I can't seem to find anyone how has solved this problem. They have some workaround using the SimpleXMLElement, but I cant load the entire document into memory.
Here is my code:
$reader = new XMLReader;
$reader->open($linkToExternalFeed);
while ($reader->read() && $reader->name != 'item');
while ($reader->name == 'item')
{
$node = new SimpleXMLElement($reader->readOuterXML());
$this->doSomeParsing($node);
unset($node);
$reader->next($reader->name);
}
$reader->close();
Upvotes: 0
Views: 626
Reputation: 19502
You could write a streamwrapper that filters the stream. After it finds the first non whitespace it would remove the filter and start passing the data to XMLWriter.
class ResourceWrapper {
private $_stream;
private $_filter;
private $context;
public static function createContext(
$stream, callable $filter = NULL, string $protocol = 'myproject-resource'
): array {
self::register($protocol);
return [
$protocol.'://context',
\stream_context_create(
[
$protocol => [
'stream' => $stream,
'filter' => $filter
]
]
)
];
}
private static function register($protocol) {
if (!\in_array($protocol, \stream_get_wrappers(), TRUE)) {
\stream_wrapper_register($protocol, __CLASS__);
}
}
public function removeFilter() {
$this->_filter = NULL;
}
public function url_stat(string $path , int $flags): array {
return [];
}
public function stream_open(
string $path, string $mode, int $options, &$opened_path
): bool {
list($protocol, $id) = \explode('://', $path);
$context = \stream_context_get_options($this->context);
if (
isset($context[$protocol]['stream']) &&
\is_resource($context[$protocol]['stream'])
) {
$this->_stream = $context[$protocol]['stream'];
$this->_filter = $context[$protocol]['filter'];
return TRUE;
}
return FALSE;
}
public function stream_read(int $count) {
if (NULL !== $this->_filter) {
$filter = $this->_filter;
return $filter(\fread($this->_stream, $count), $this);
}
return \fread($this->_stream, $count);
}
public function stream_eof(): bool {
return \feof($this->_stream);
}
}
Usage:
$xml = <<<'XML'
<?xml version="1.0"?>
<person><name>Alice</name></person>
XML;
// open the example XML string as a file stream
$resource = fopen('data://text/plain;base64,'.base64_encode($xml), 'rb');
$reader = new \XMLReader();
// create context for the stream and the filter
list($uri, $context) = \ResourceWrapper::createContext(
$resource,
function($data, \ResourceWrapper $wrapper) {
// check for content after removing leading white space
if (ltrim($data) !== '') {
// found content, remove filter
$wrapper->removeFilter();
// return data without leading whitespace
return ltrim($data);
}
return '';
}
);
libxml_set_streams_context($context);
$reader->open($uri);
while ($foundNode = $reader->read()) {
var_dump($reader->localName);
}
Ouput:
string(6) "person"
string(4) "name"
string(5) "#text"
string(4) "name"
string(6) "person"
Upvotes: 2
Reputation: 57121
Not ideal, but this will just read the source and ltrim()
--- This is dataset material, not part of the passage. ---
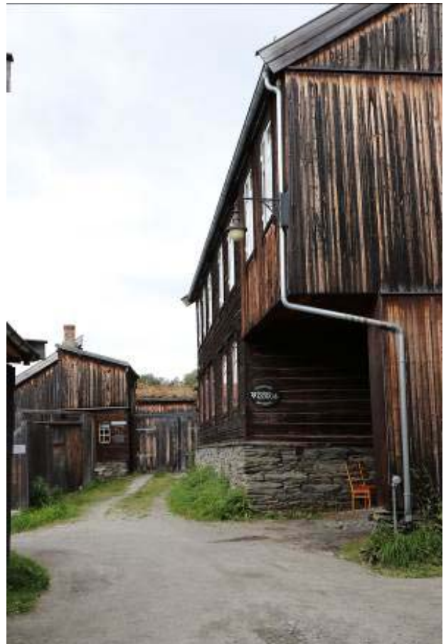
Il. 5. Zabudowa z tyłu pierzei ulicy Kjerkgata. Widok od południa.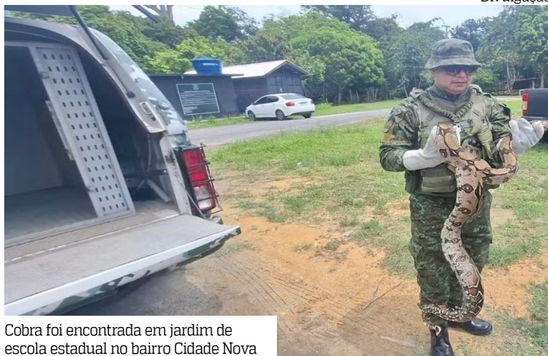
Cobra foi encontrada em jardim de escola estadual no bairro Cidade Nova

Uma cobra tipo jiboia foi resgatada após aparecer no jardim de uma escola estadual na manhã da terça-feira (7), na avenida Timbiras, bairro Cidade Nova, Zona Norte da capital amazonense. O animal surgiu na área externa da unidade e assustou alunos e funcionários.

the first part of the content and write it to a temporary file, you should then be able to read the file called $tmpFile
...
$tmpFile = tempnam(".", "trx");
$fpIn = fopen($linkToExternalFeed,"r");
$fpOut = fopen($tmpFile, "w");
$buffer = fread($fpIn, 4096);
fwrite($fpOut, ltrim($buffer));
while ( $buffer = fread($fpIn, 4096)) {
fwrite($fpOut, $buffer);
}
fclose($fpIn);
fclose($fpOut);
I use tmpname()
to generate a unique file name, you could set this to anything which you feel happy with. It may also be useful to delete this file once you've processed it to save space and remove potentially sensitive information.
Upvotes: 0